» **RAW DATA**
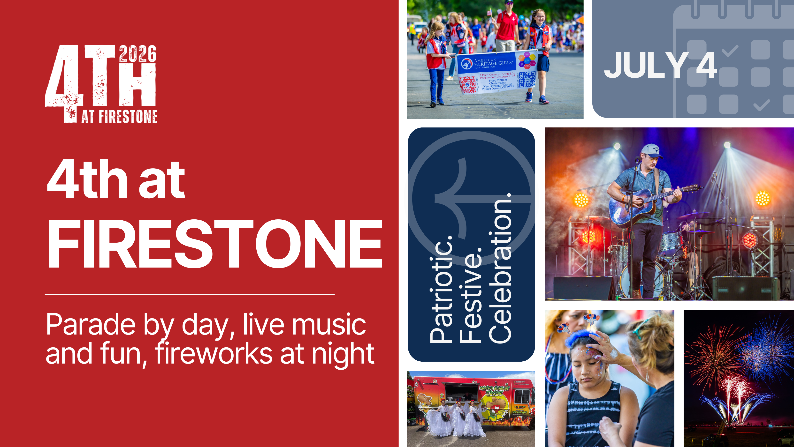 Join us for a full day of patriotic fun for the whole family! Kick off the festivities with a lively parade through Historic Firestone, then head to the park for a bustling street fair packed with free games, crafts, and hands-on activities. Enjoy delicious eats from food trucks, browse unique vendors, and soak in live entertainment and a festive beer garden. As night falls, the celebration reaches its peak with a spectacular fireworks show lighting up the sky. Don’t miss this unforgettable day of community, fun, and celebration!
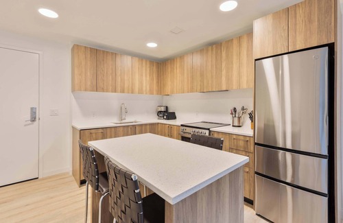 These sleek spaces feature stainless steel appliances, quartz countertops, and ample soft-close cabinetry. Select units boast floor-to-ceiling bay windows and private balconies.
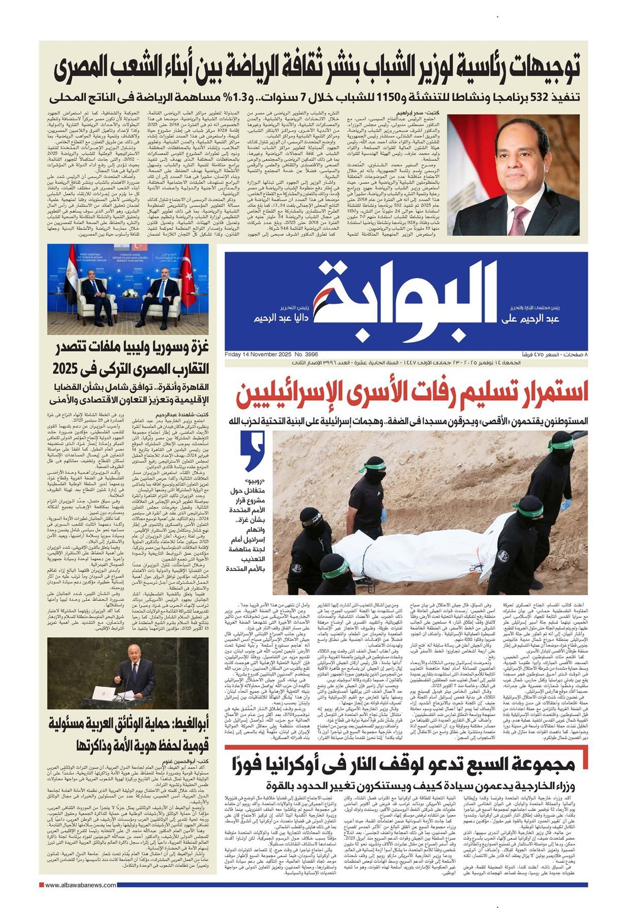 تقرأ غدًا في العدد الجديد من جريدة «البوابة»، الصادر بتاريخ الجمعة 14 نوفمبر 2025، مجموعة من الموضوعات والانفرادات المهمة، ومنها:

» **PROBLEM DESCRIPTION**
Repeat the data in full, exactly as it stands, but drop every picture.

» **WRITTEN ANSWER**
 Join us for a full day of patriotic fun for the whole family! Kick off the festivities with a lively parade through Historic Firestone, then head to the park for a bustling street fair packed with free games, crafts, and hands-on activities. Enjoy delicious eats from food trucks, browse unique vendors, and soak in live entertainment and a festive beer garden. As night falls, the celebration reaches its peak with a spectacular fireworks show lighting up the sky. Don’t miss this unforgettable day of community, fun, and celebration!
 These sleek spaces feature stainless steel appliances, quartz countertops, and ample soft-close cabinetry. Select units boast floor-to-ceiling bay windows and private balconies.
 تقرأ غدًا في العدد الجديد من جريدة «البوابة»، الصادر بتاريخ الجمعة 14 نوفمبر 2025، مجموعة من الموضوعات والانفرادات المهمة، ومنها:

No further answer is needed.